Please retype every record below exactly, leaving the pictures out.

> _Stored dataset items_:
☆ ☆ ☆

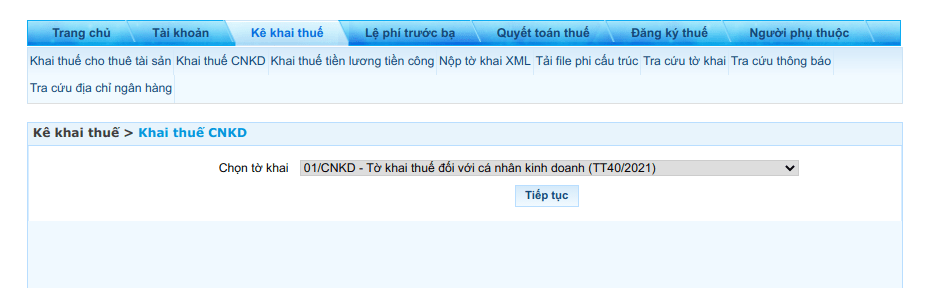 Vào mục: Kê khai thuế -> Khai thuế CNKD -> Tờ khai TT40/2021
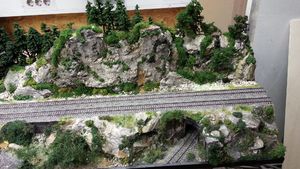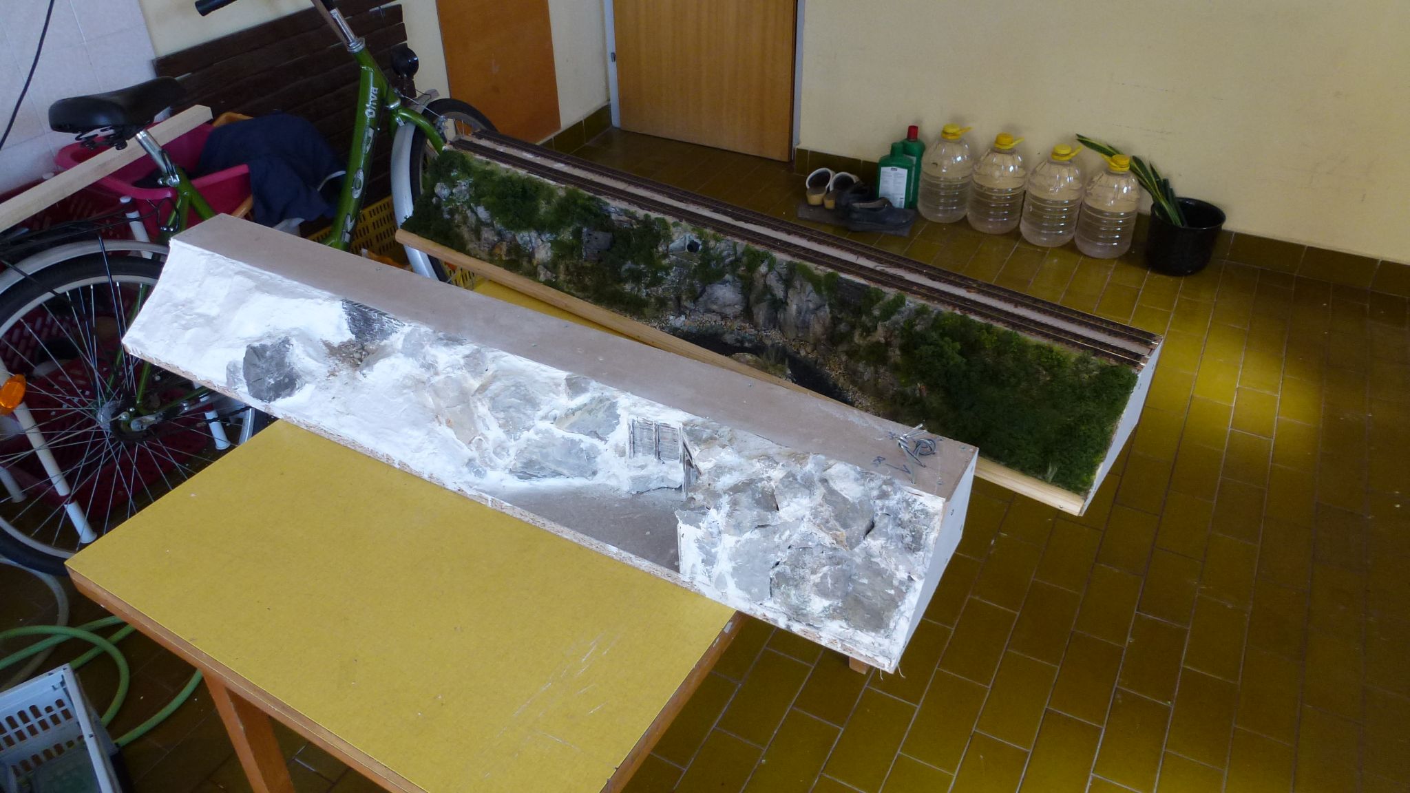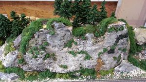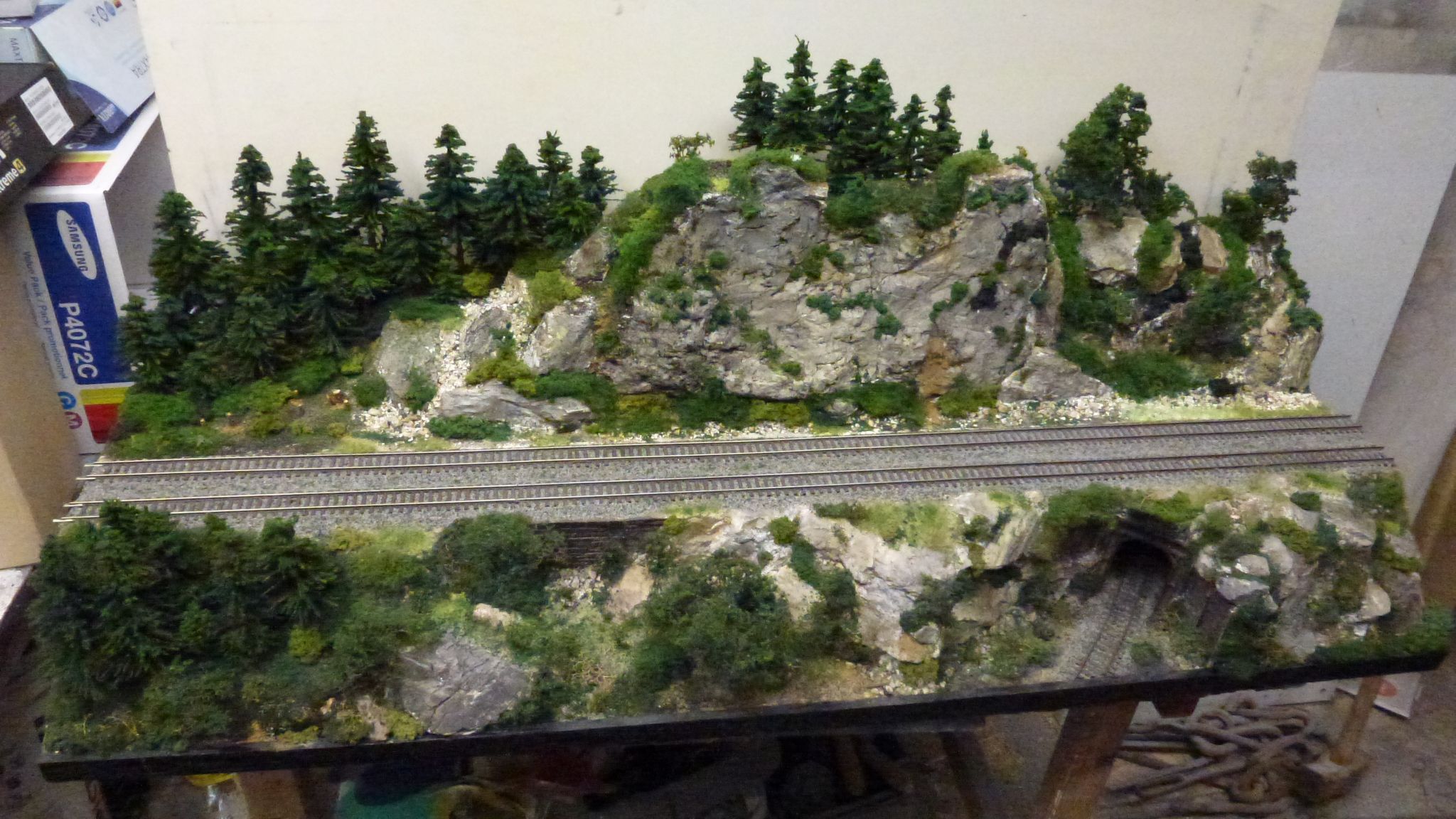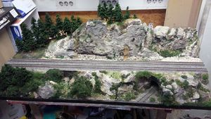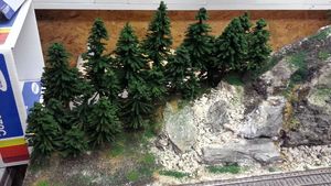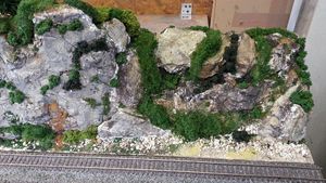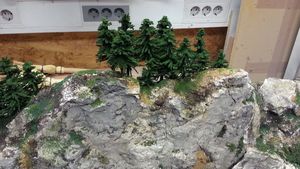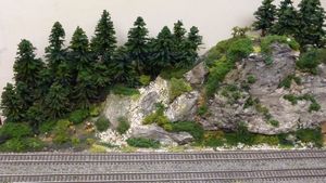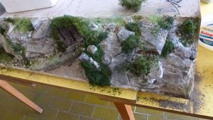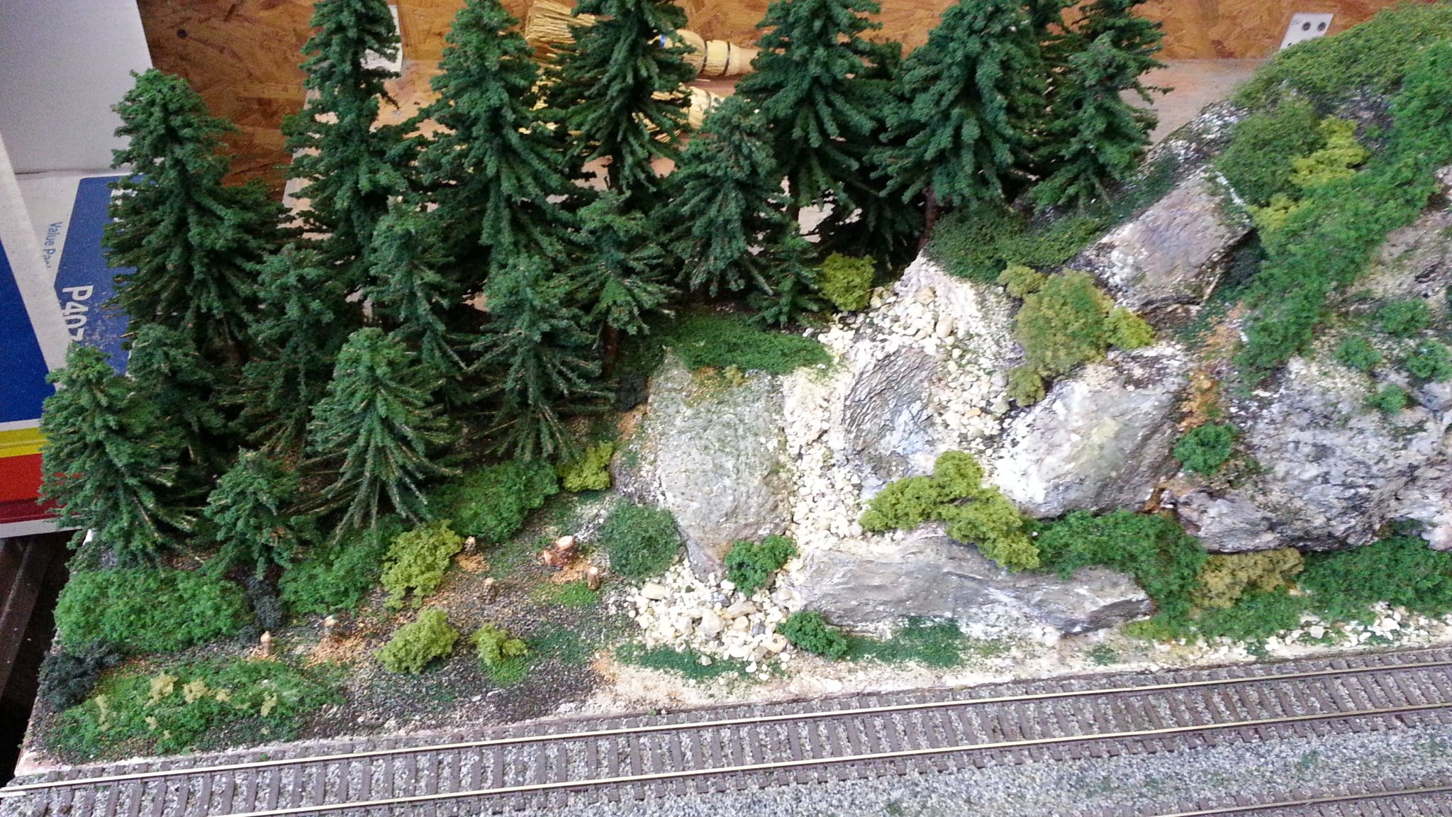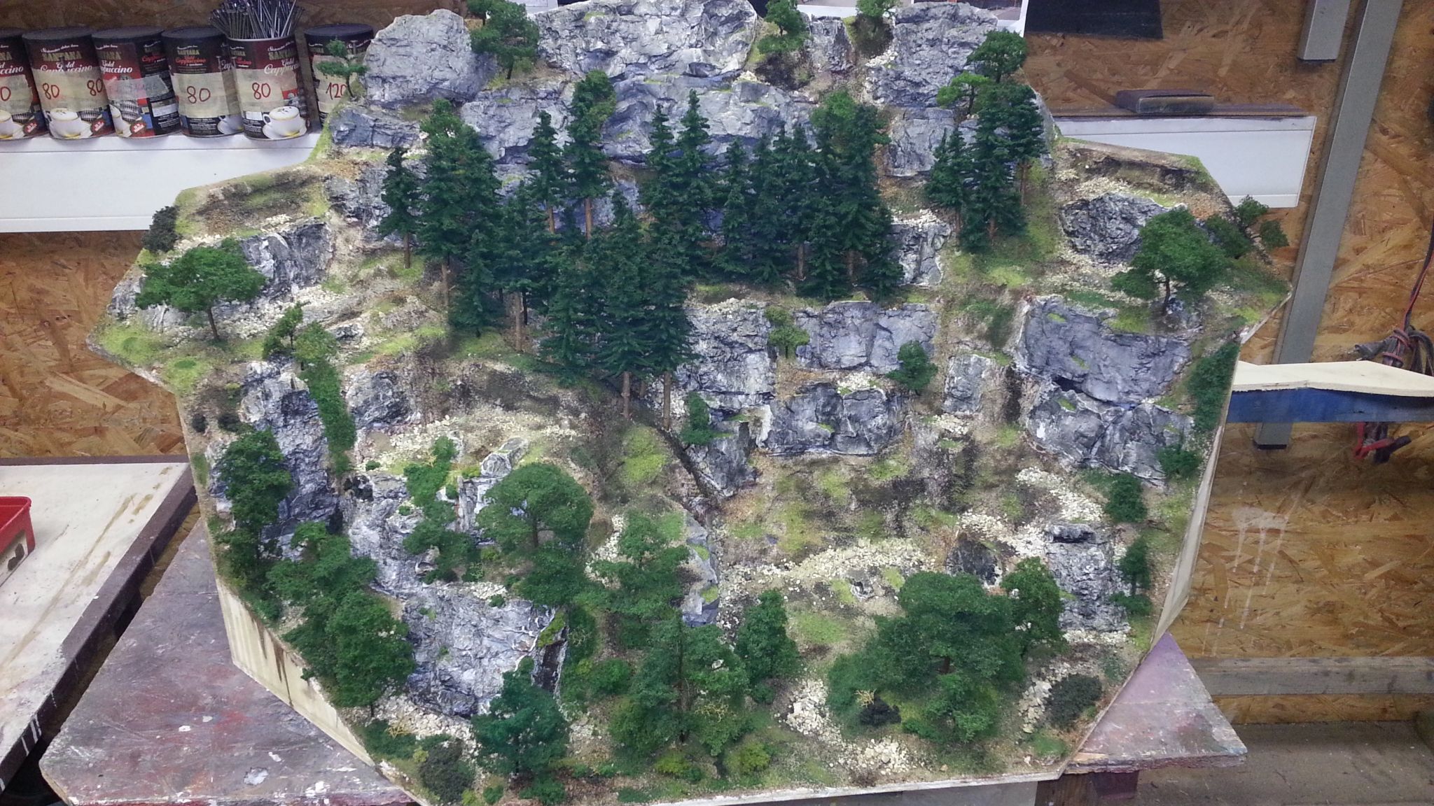 Zaradi fotografiranja lokomotiv in vagonov sem se odločil da izdelam še dodatek k diorami naprej od tirov. Odločil sem se za hrib kateri iz leve proti desni strani raste. Zamišljeno je bilo tako da je na levi strani gozd kateri se potem proti desno dviguje z hribom in gre za njim, tako da na vrhu hriba je gozd za njim. Začetek je vedno z stiroporjem in mavčnimi povoji. Skale, nekaj pravih, nehaj umetnih sem nalimal na stiroporno podlago, okoli njih in čez ves stiropor pa dal mavčne povoje.
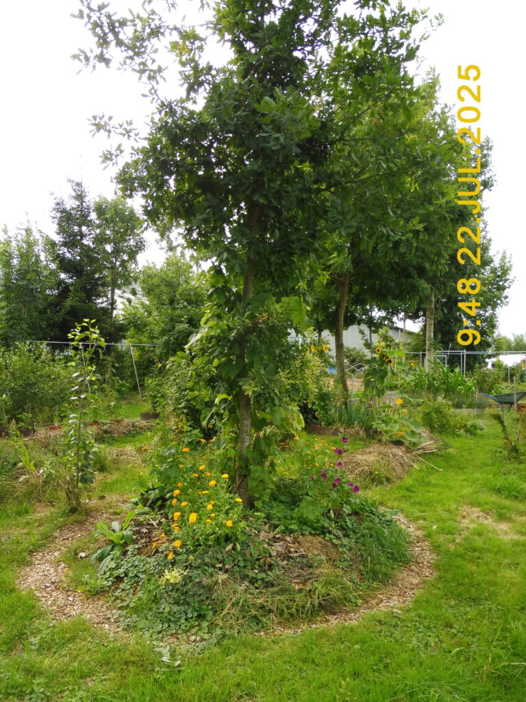Ein entscheidendes Merkmal dieses Systems: Die Baumscheibe wächst mit dem Baum mit. Je größer die Baumkrone wird, desto weiter darf – und sollte – sich auch die bepflanzte Fläche ausdehnen. Das erlaubt es, neue Kulturen, z.B. Beerensträucher, schrittweise zu integrieren. So bleibt die Fläche stets dynamisch und im Wandel – ganz im Sinne der natürlichen Entwicklungsstufen von blankem Boden zum Wald.
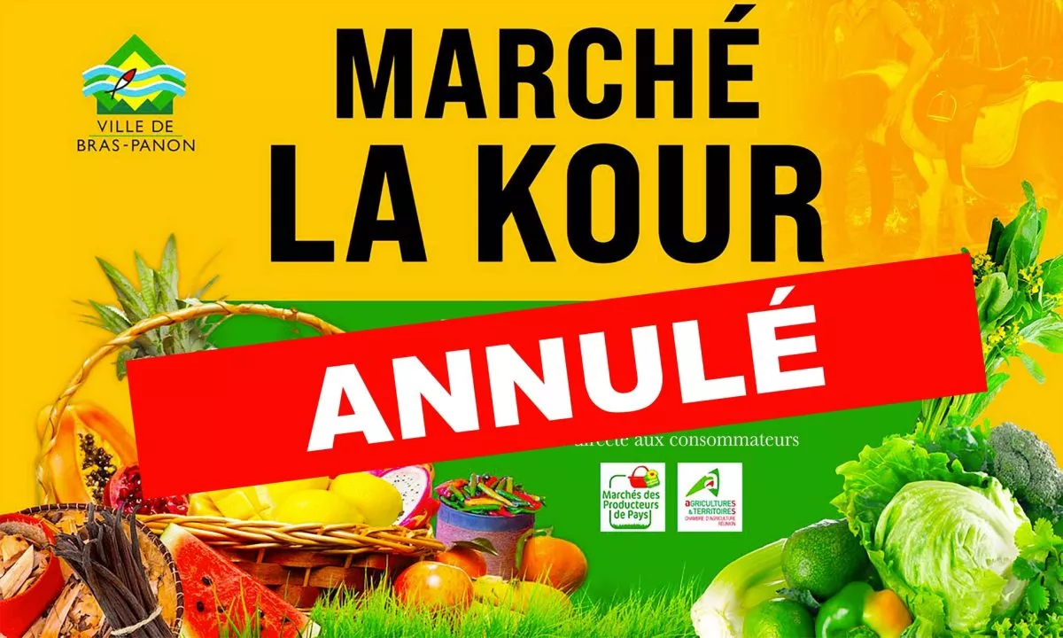 En raison des intempéries et de la situation sanitaire actuelle, la Ville de Bras-Panon et l’Association des Marchés de Producteurs sont au regret de vous informer de l’annulation du « Marché la Kour » qui devait se tenir le dimanche 16 janvier prochain à Bras-Panon.
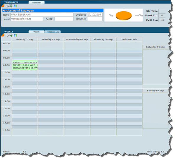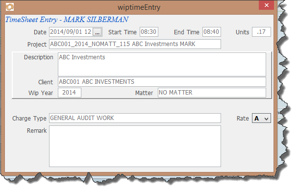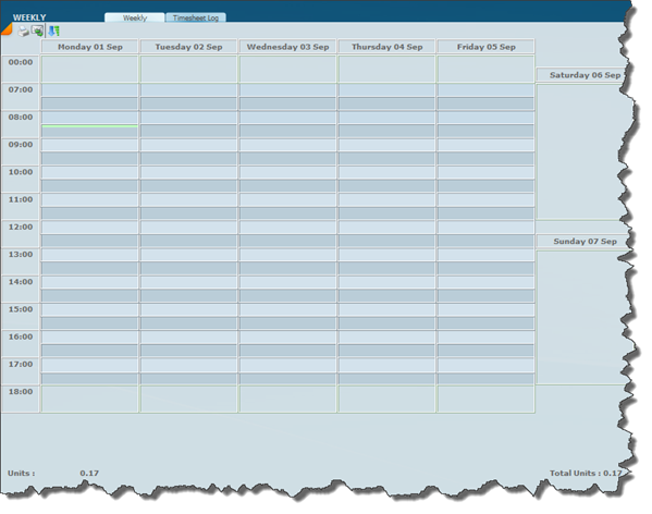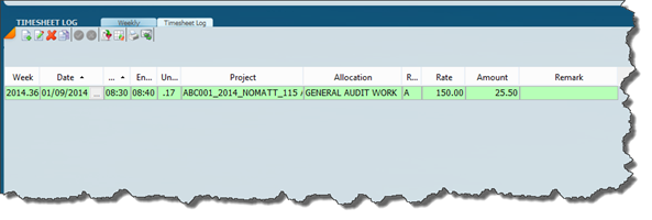 Note that the units is calculated at .17 of 1 hour being 10/60. In the screen below the graphical representation of the time slot is shown on the time sheet. It shows as a very thin line on the time sheet.
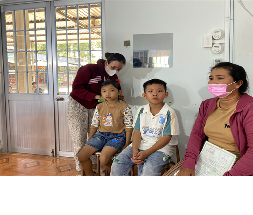 Hình ảnh các bé và phụ huynh tại Tổ Cảnh sát khu vực thực hiện đăng ký định danh điện tử mức 2
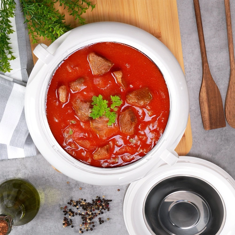 - PRAKTYCZNA - Termomisa do utrzymywania ciepła przechowywanych potraw. Termos obiadowy ma pojemność 2,3 litry. Termomisa ma wymiary 11 x 24 cm. Termomisa z serii Deluxe.
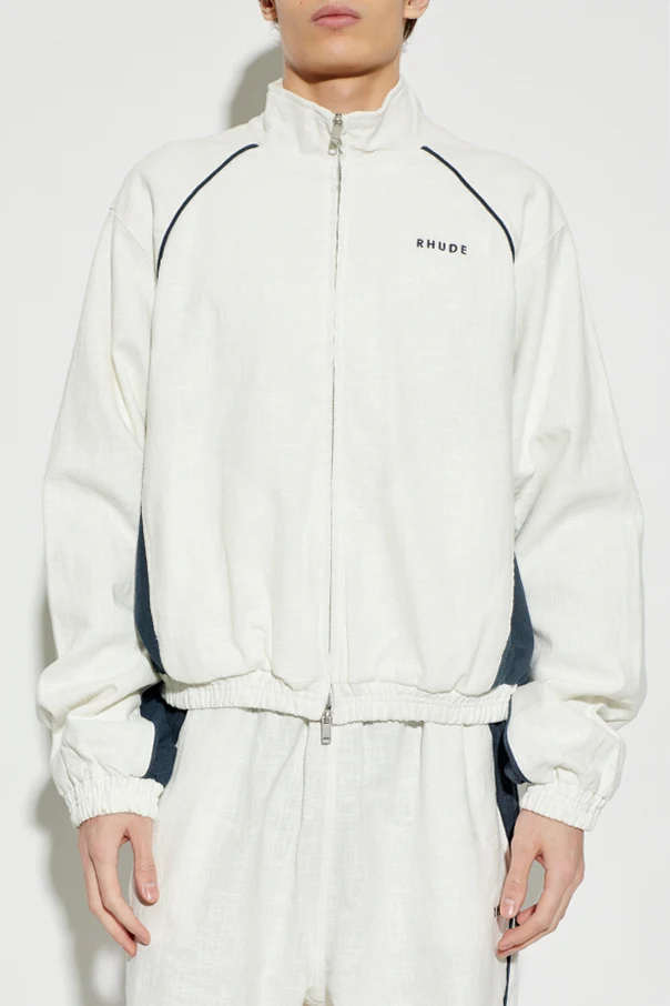 Kurtka została uszyta z wysokogatunkowego lnu o naturalnej, matowej fakturze, z satynowo miękką warstwą wewnętrzną z lyocellu, gwarantującą komfort użytkowania. Wysoki kołnierz (stójka) oraz zamek błyskawiczny na całej długości podkreślają nowoczesny charakter produktu. Subtelnie wyhaftowane logo „RHUDE” na lewej piersi dopełnia całości, stanowiąc gwarancję oryginalności. Całość utrzymana jest w kolorze białym , co potęguje jej świeżość i ponadczasowy wdzięk.

☆ ☆ ☆

> _YOUR RESPONSE_:
 Vào mục: Kê khai thuế -> Khai thuế CNKD -> Tờ khai TT40/2021
 Zaradi fotografiranja lokomotiv in vagonov sem se odločil da izdelam še dodatek k diorami naprej od tirov. Odločil sem se za hrib kateri iz leve proti desni strani raste. Zamišljeno je bilo tako da je na levi strani gozd kateri se potem proti desno dviguje z hribom in gre za njim, tako da na vrhu hriba je gozd za njim. Začetek je vedno z stiroporjem in mavčnimi povoji. Skale, nekaj pravih, nehaj umetnih sem nalimal na stiroporno podlago, okoli njih in čez ves stiropor pa dal mavčne povoje.
Ein entscheidendes Merkmal dieses Systems: Die Baumscheibe wächst mit dem Baum mit. Je größer die Baumkrone wird, desto weiter darf – und sollte – sich auch die bepflanzte Fläche ausdehnen. Das erlaubt es, neue Kulturen, z.B. Beerensträucher, schrittweise zu integrieren. So bleibt die Fläche stets dynamisch und im Wandel – ganz im Sinne der natürlichen Entwicklungsstufen von blankem Boden zum Wald.
 En raison des intempéries et de la situation sanitaire actuelle, la Ville de Bras-Panon et l’Association des Marchés de Producteurs sont au regret de vous informer de l’annulation du « Marché la Kour » qui devait se tenir le dimanche 16 janvier prochain à Bras-Panon.
 Note that the units is calculated at .17 of 1 hour being 10/60. In the screen below the graphical representation of the time slot is shown on the time sheet. It shows as a very thin line on the time sheet.
 Hình ảnh các bé và phụ huynh tại Tổ Cảnh sát khu vực thực hiện đăng ký định danh điện tử mức 2
 - PRAKTYCZNA - Termomisa do utrzymywania ciepła przechowywanych potraw. Termos obiadowy ma pojemność 2,3 litry. Termomisa ma wymiary 11 x 24 cm. Termomisa z serii Deluxe.
 Kurtka została uszyta z wysokogatunkowego lnu o naturalnej, matowej fakturze, z satynowo miękką warstwą wewnętrzną z lyocellu, gwarantującą komfort użytkowania. Wysoki kołnierz (stójka) oraz zamek błyskawiczny na całej długości podkreślają nowoczesny charakter produktu. Subtelnie wyhaftowane logo „RHUDE” na lewej piersi dopełnia całości, stanowiąc gwarancję oryginalności. Całość utrzymana jest w kolorze białym , co potęguje jej świeżość i ponadczasowy wdzięk.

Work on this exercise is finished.